Offloading Cognition onto Cognitive Technology
Itiel Dror, Stevan Harnad

TL;DR
This paper discusses how cognitive technology extends human cognition through offloading mental tasks, highlighting the transformative impact of digital networks and tools like language and the web on thinking, communication, and mental states.
Contribution
It offers a conceptual analysis of how cognitive technology and distributed cognition reshape human mental processes and communication.
Findings
Web and digital tools extend cognitive capacities.
Language enables offloading and collaborative cognition.

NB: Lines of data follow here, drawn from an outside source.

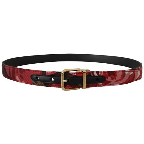 Cintura Fibbia Metallo Dorato Pelle Rosa Jacquard Rossa - 90 Cm / 3...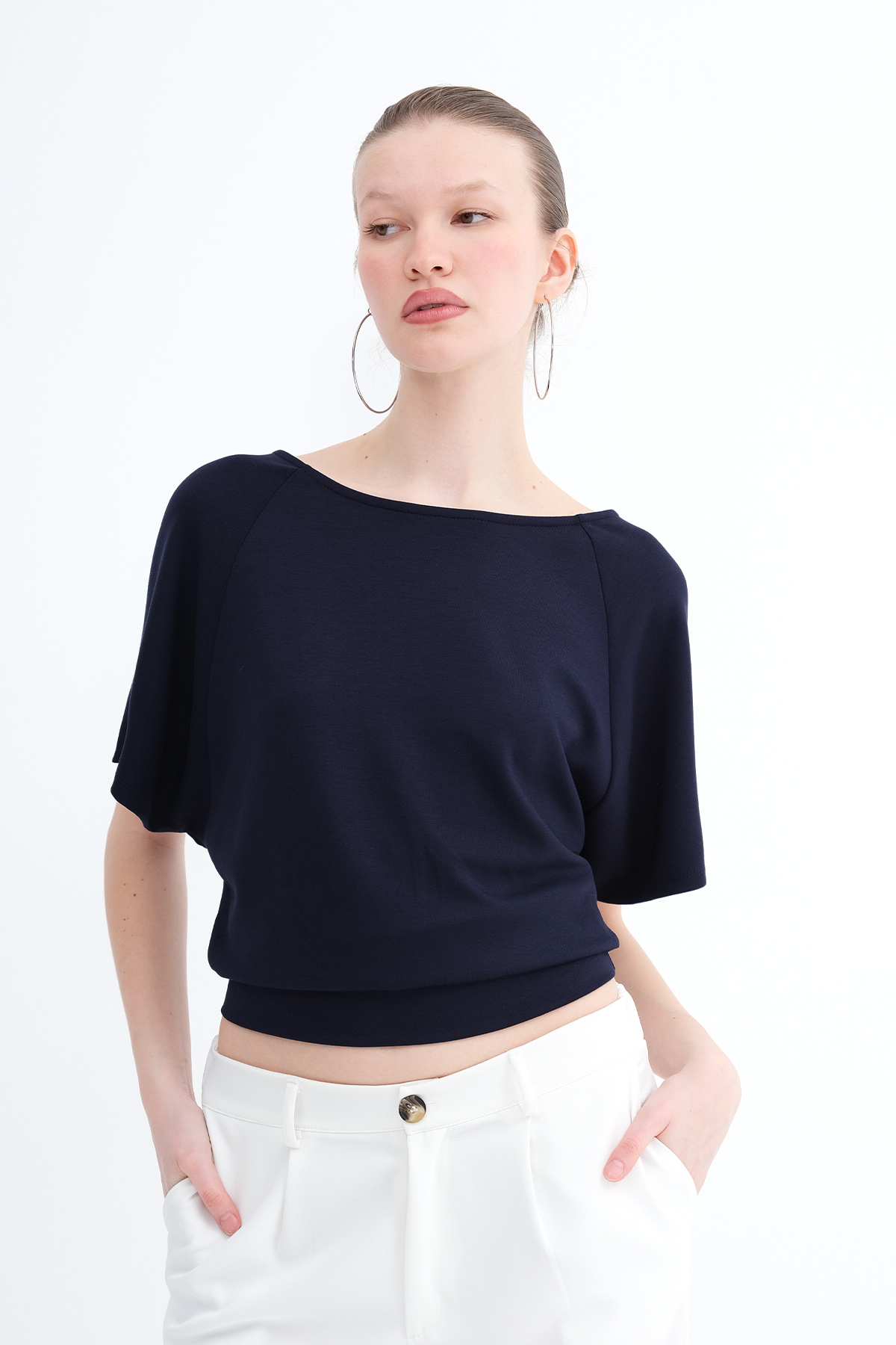 * Kayık yaka, kısa kollu,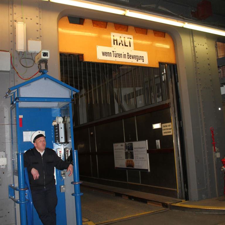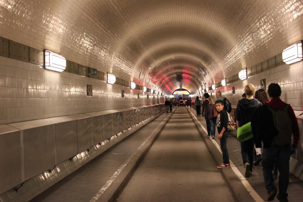Wir nutzten den nahen Einstieg in den alten Elbtunnel und gingen zu Fuß unter die Elbe. Den Abstieg machten wir über das gewaltige Treppenhaus vor den Fahrstühlen. Für den Aufstieg nutzten wir dann aber einen der großen Lastenfahrstühle, mit denen auch die Autos transportiert werden, um die Elbe zu unterfahren.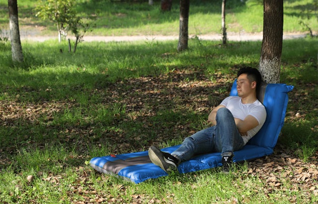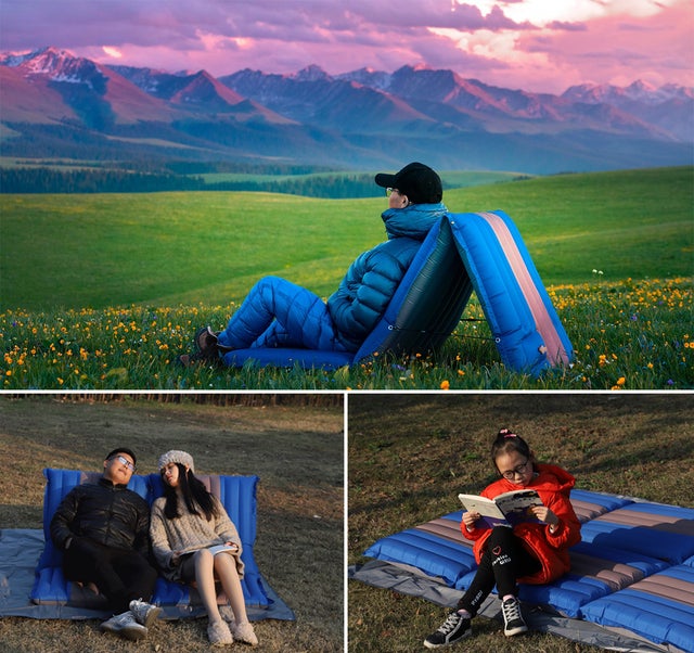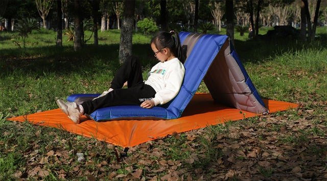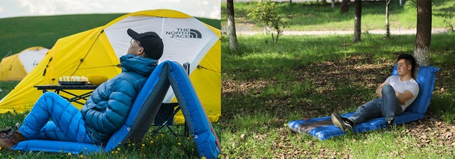 睡眠用のインフレータブルマットとしても、背もたれを曲げれば屋外用ソファーとしても使えます。「寝る」と「座る」両方使えるアウトドアの休憩を支える新発想のアイテムです。軽量でコンパクト足で踏むだけで空気入れも可能なアウトドアに最適です。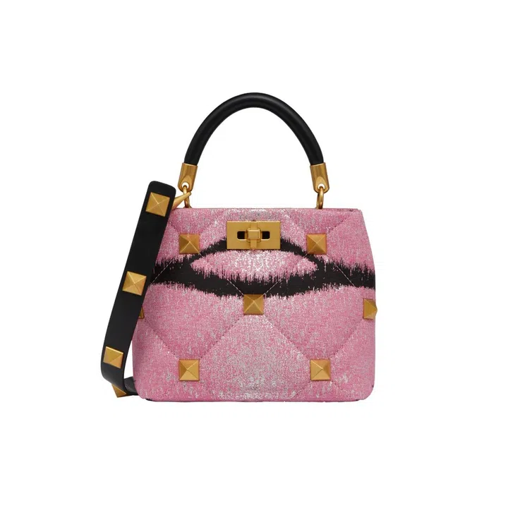 Chinese singer Cheng Xiao pairs her pretty-in-pink Valentino Tiger 1967 wardrobe with an equally adorable Valentino Garavani Loco shoulder bag.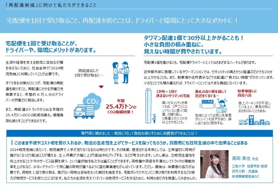 而对此,日本国土交通省的目标是将这一比例降低到约6%。并在网络购物服务的提供商中,有一些已经开始提供当消费者选择所谓的“放置配送”时会赠送积分等福利。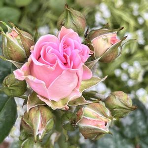 薔薇 ジェントルフロウ ぐるぐる渦巻き品種さんの蕾が緩み始めました🎵 蕾が全部開花したらすごくかわいいのですが、まだもう少し先かな💦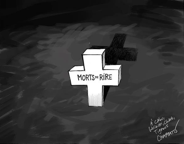 J’ai toujours admiré ces hommes-là, capables de rire de tout, qui trouvent toujours le bon angle pour arriver à nous faire rire même du pire. Comme beaucoup, je me suis parfois demandé s’ils allaient trop loin, je n’ai pas ri à toutes leurs blagues, mais au fond, l’humour peut-il aller trop loin ? J’aurais aimé être comme eux, avoir leur esprit, leur talent, leur impertinence. Comme beaucoup, je n’arrive pas à réaliser leur mort. Qui sera-là pour en rire cette fois ? Alors on relit en boucle l’information, on partage les dessins qui leur rendent hommage, on crie notre indignation, comme si à force de se le répéter ça allait devenir plus réel.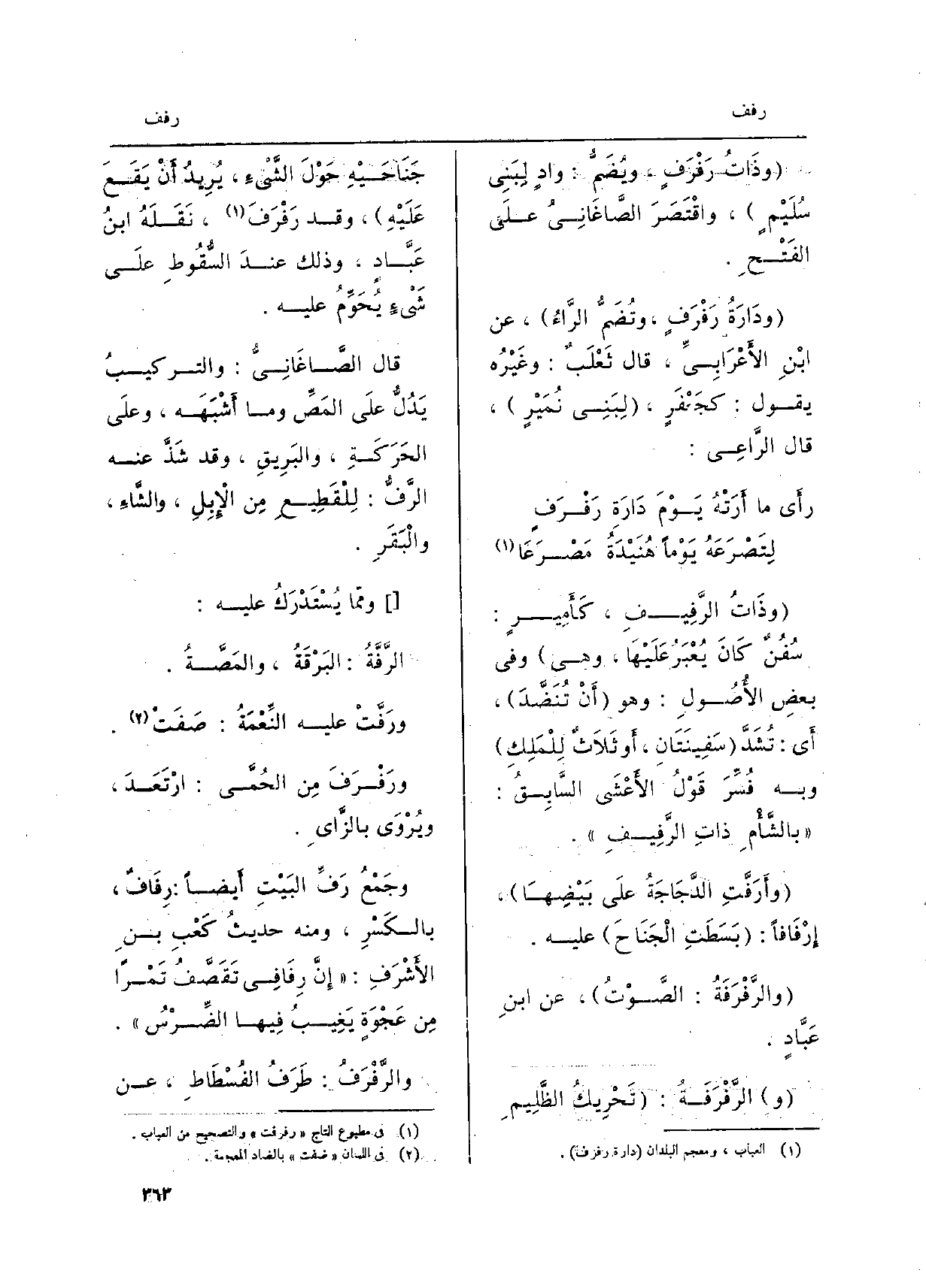 وذَاتُ الرَّفِيفِ، كَأَمِيرٍ: سُفُنٌ كَانَ يُعْبَرُ عَلَيْهَا، وَهِي وَفِي بعضِ الأُصُولِ: وَهُوَ أَنْ تُنَضَّدَ، أَي: تُشَدَّ سَفِينَتَانِ، أَو ثَلاَثٌ لِلْمَلِكِ وَبِه فُسِّرَ قَوْلُ الأَعْشَى السَّابِقُ: بالشَّأْمِ ذاتِ الرَّفِيفِ.} وأَرَفَّتِ)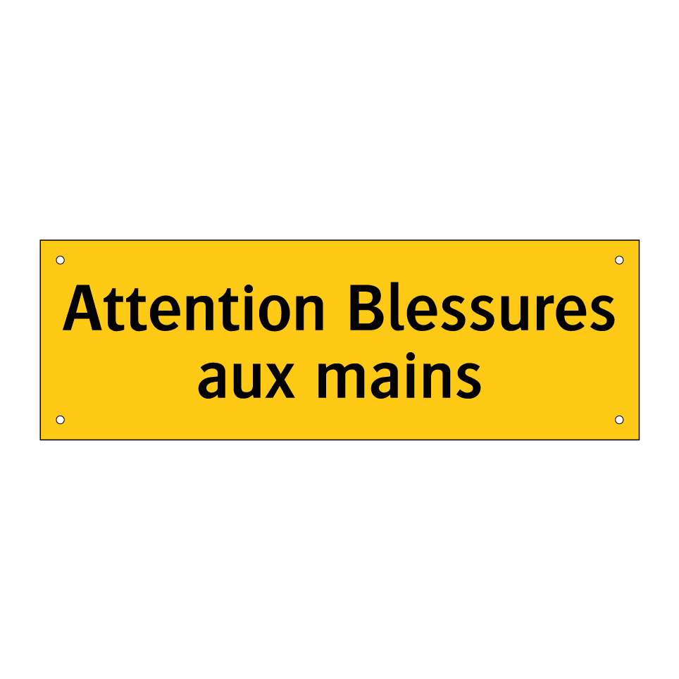 Panneau d'avertissement avec le texte : "Attention Blessures aux mains"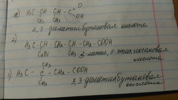 СH3-C(CH3,CH3)-СH2-COOH 2,2-диметилбутановая кислота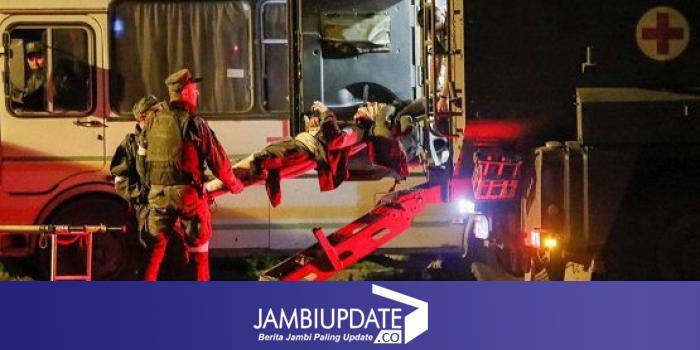Beberapa tentara yang dievakuasi terluka dan dibawa keluar dari bus dengan tandu.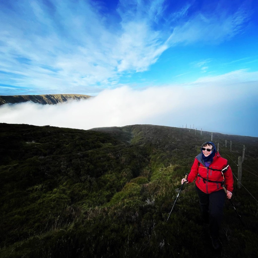 After a night in the van parked up at the Birks of Aberfeldy car park with Dot and Anne we headed down to the start of the walk. It was a lot and i mean a lot mistier than we were expecting! Parking on the road was more difficult than we expected too. Once we found a spot we were accosted by a game keeper who didn’t want us to walk but couldn’t stop us. They were stalking the next day and he seemed to think we would scatter the deer into another county. He wanted us to just walk to the loch which we did but then we nipped up the hill. We did change our plans as we had planned a circuit. We didn’t see any deer and he didn’t even know which hill we were going up before he tried to stop us. Glad we went it cleared as we got higher up. A great day.

Technological changes influence thinking and mental states.
Abstract
"Cognizing" (e.g., thinking, understanding, and knowing) is a mental state. Systems without mental states, such as cognitive technology, can sometimes contribute to human cognition, but that does not make them cognizers. Cognizers can offload some of their cognitive functions onto cognitive technology, thereby extending their performance capacity beyond the limits of their own brain power. Language itself is a form of cognitive technology that allows cognizers to offload some of their cognitive functions onto the brains of other cognizers. Language also extends cognizers' individual and joint performance powers, distributing the load through interactive and collaborative cognition. Reading, writing, print, telecommunications and computing further extend cognizers' capacities. And now the web, with its network of cognizers, digital databases and software agents, all accessible anytime,…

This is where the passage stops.